### RECORDS PROVIDED

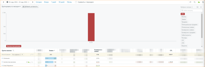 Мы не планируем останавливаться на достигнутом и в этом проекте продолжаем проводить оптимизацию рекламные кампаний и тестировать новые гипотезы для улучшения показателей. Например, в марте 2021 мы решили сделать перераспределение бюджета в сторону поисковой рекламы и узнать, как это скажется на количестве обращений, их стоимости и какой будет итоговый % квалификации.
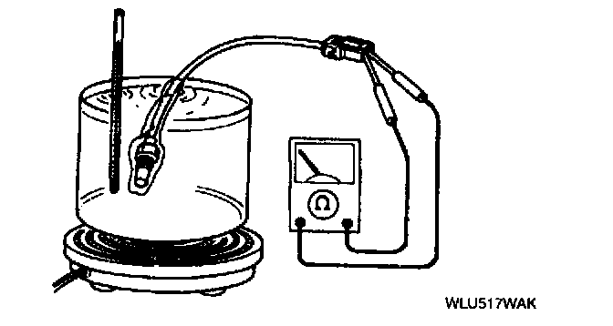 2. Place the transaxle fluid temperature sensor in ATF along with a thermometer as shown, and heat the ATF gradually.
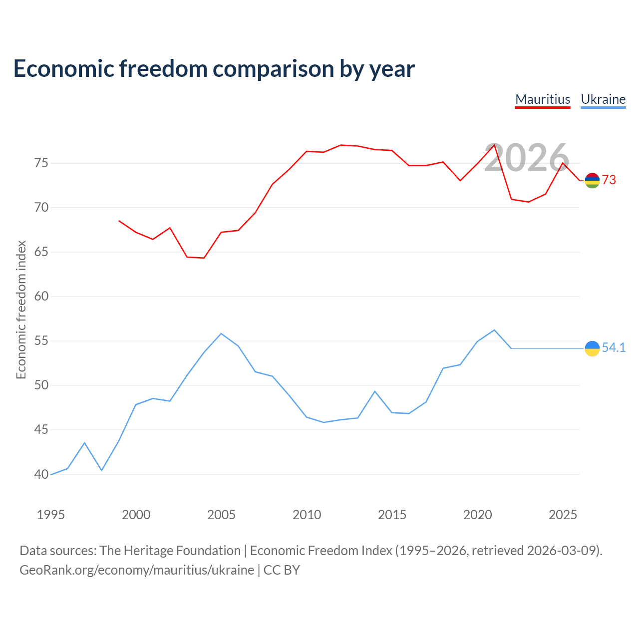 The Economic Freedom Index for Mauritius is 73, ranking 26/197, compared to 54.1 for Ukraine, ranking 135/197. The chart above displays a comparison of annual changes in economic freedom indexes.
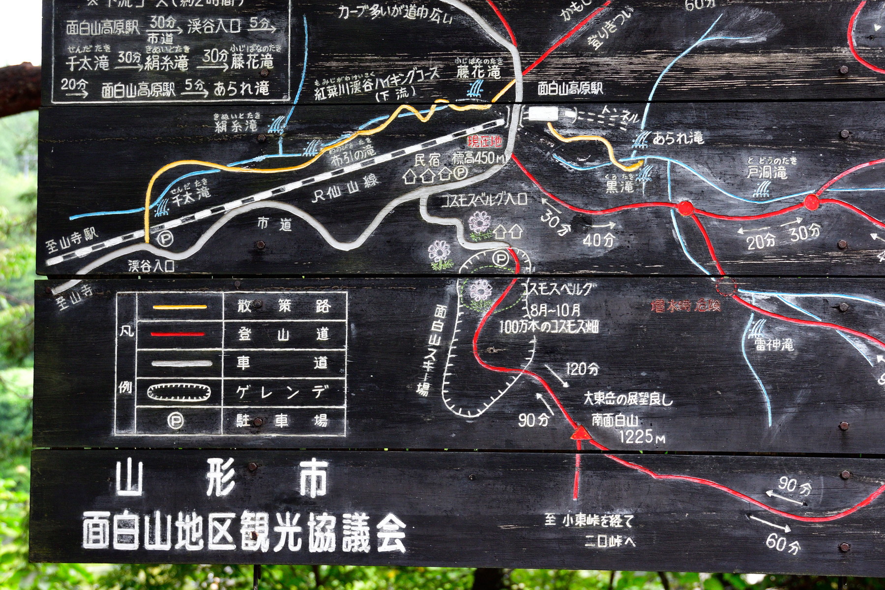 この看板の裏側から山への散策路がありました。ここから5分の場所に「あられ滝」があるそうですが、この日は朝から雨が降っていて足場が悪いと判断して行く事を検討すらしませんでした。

######
### RECORDS PROVIDED

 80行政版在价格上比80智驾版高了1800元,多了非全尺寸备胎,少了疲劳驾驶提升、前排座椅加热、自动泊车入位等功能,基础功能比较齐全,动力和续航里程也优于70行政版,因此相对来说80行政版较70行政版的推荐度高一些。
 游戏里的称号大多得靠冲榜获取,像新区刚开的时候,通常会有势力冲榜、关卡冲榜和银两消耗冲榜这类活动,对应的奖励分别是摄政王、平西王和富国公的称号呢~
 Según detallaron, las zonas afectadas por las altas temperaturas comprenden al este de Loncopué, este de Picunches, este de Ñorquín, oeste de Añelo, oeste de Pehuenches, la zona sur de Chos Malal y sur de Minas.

######

*TO DO*. In the entries above, find the line with "80行政版在价格上比80智驾" and the line with "Según detallaron, las", then set down exactly those two and every line between them, nothing else.

*ANSWER SPACE*.
 80行政版在价格上比80智驾版高了1800元,多了非全尺寸备胎,少了疲劳驾驶提升、前排座椅加热、自动泊车入位等功能,基础功能比较齐全,动力和续航里程也优于70行政版,因此相对来说80行政版较70行政版的推荐度高一些。
 游戏里的称号大多得靠冲榜获取,像新区刚开的时候,通常会有势力冲榜、关卡冲榜和银两消耗冲榜这类活动,对应的奖励分别是摄政王、平西王和富国公的称号呢~
 Según detallaron, las zonas afectadas por las altas temperaturas comprenden al este de Loncopué, este de Picunches, este de Ñorquín, oeste de Añelo, oeste de Pehuenches, la zona sur de Chos Malal y sur de Minas.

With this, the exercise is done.